■ What needs to be done:
Once you find the line with "Patriotische NIGERIAN FLAG" in the entries below, print it and each line after it up to and including the line with "池子在节目中玩梗,表示蔡国庆", exactly, without pictures.

■ Excerpted records:
· · · · · · ·

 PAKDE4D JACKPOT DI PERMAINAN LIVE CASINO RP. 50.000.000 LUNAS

· · · · · · ·

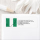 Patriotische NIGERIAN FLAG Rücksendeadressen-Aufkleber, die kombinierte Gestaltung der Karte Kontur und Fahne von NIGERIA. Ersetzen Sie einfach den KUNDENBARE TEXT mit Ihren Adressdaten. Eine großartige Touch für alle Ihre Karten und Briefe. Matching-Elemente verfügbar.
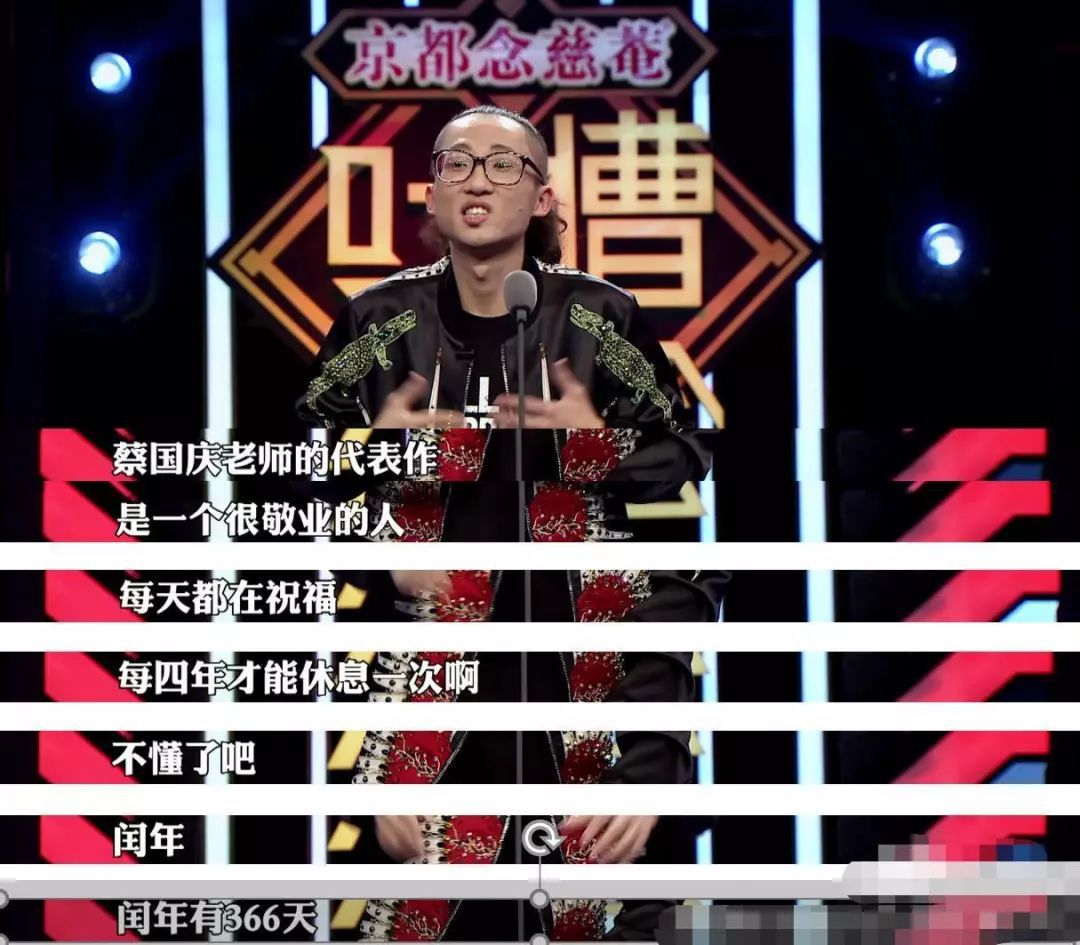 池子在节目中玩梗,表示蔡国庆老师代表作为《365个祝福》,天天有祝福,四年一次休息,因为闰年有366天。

· · · · · · ·

■ Exercise output:
 Patriotische NIGERIAN FLAG Rücksendeadressen-Aufkleber, die kombinierte Gestaltung der Karte Kontur und Fahne von NIGERIA. Ersetzen Sie einfach den KUNDENBARE TEXT mit Ihren Adressdaten. Eine großartige Touch für alle Ihre Karten und Briefe. Matching-Elemente verfügbar.
 池子在节目中玩梗,表示蔡国庆老师代表作为《365个祝福》,天天有祝福,四年一次休息,因为闰年有366天。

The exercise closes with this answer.